§ **INSTRUCTIONS TO FOLLOW**
Images are to be dropped, and the rest of the data reproduced exactly.

§ **EXERCISE DATA**

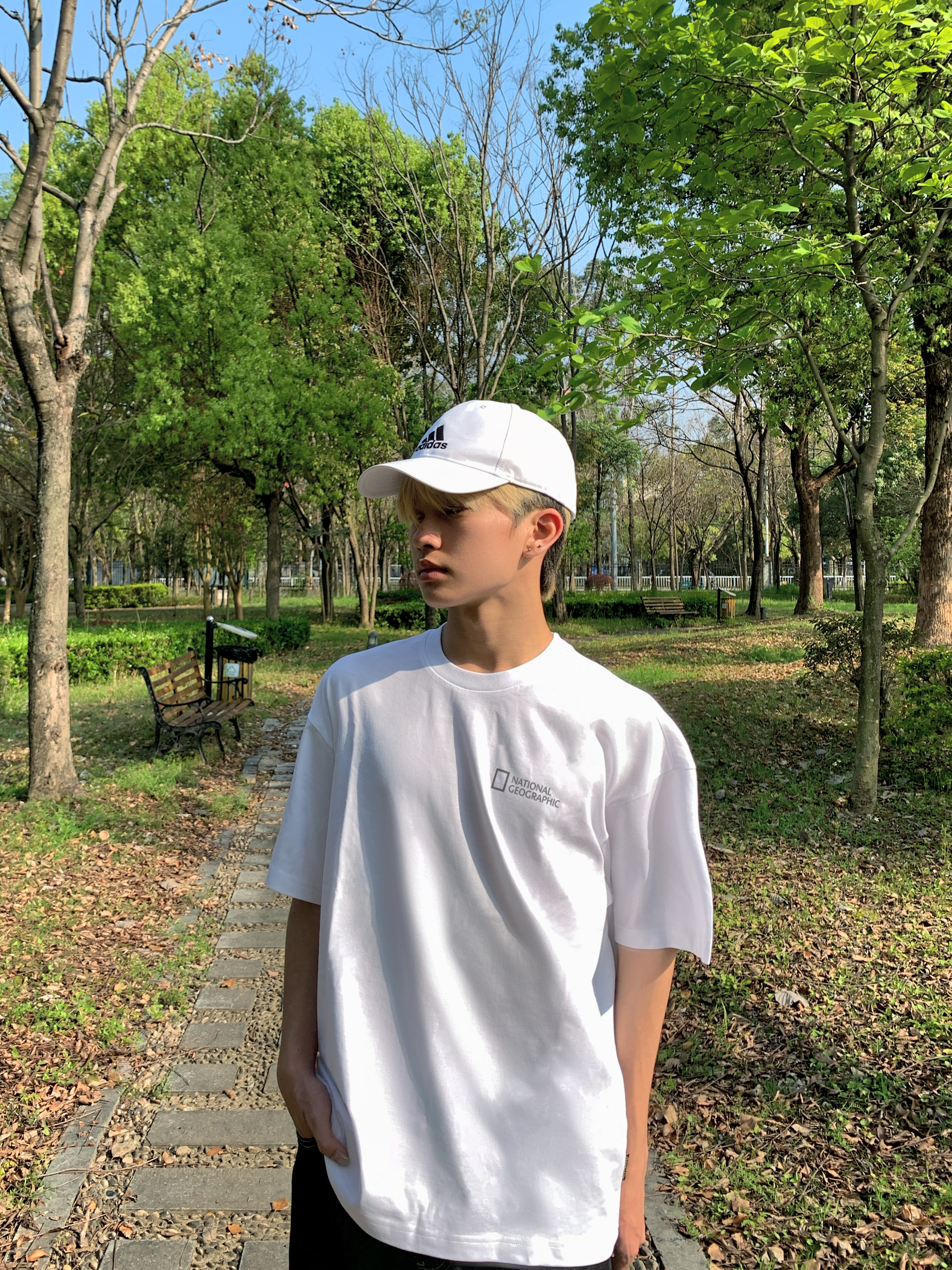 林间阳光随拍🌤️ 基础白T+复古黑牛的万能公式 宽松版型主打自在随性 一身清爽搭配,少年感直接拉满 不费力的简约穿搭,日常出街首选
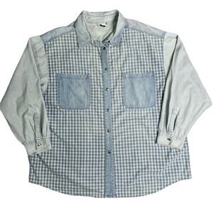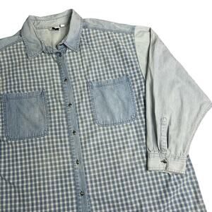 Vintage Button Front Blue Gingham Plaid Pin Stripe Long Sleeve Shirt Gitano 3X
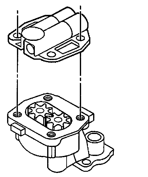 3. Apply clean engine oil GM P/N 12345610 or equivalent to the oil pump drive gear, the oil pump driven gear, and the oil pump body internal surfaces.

§ **SOLVED EXERCISE**
 林间阳光随拍🌤️ 基础白T+复古黑牛的万能公式 宽松版型主打自在随性 一身清爽搭配,少年感直接拉满 不费力的简约穿搭,日常出街首选
 Vintage Button Front Blue Gingham Plaid Pin Stripe Long Sleeve Shirt Gitano 3X
 3. Apply clean engine oil GM P/N 12345610 or equivalent to the oil pump drive gear, the oil pump driven gear, and the oil pump body internal surfaces.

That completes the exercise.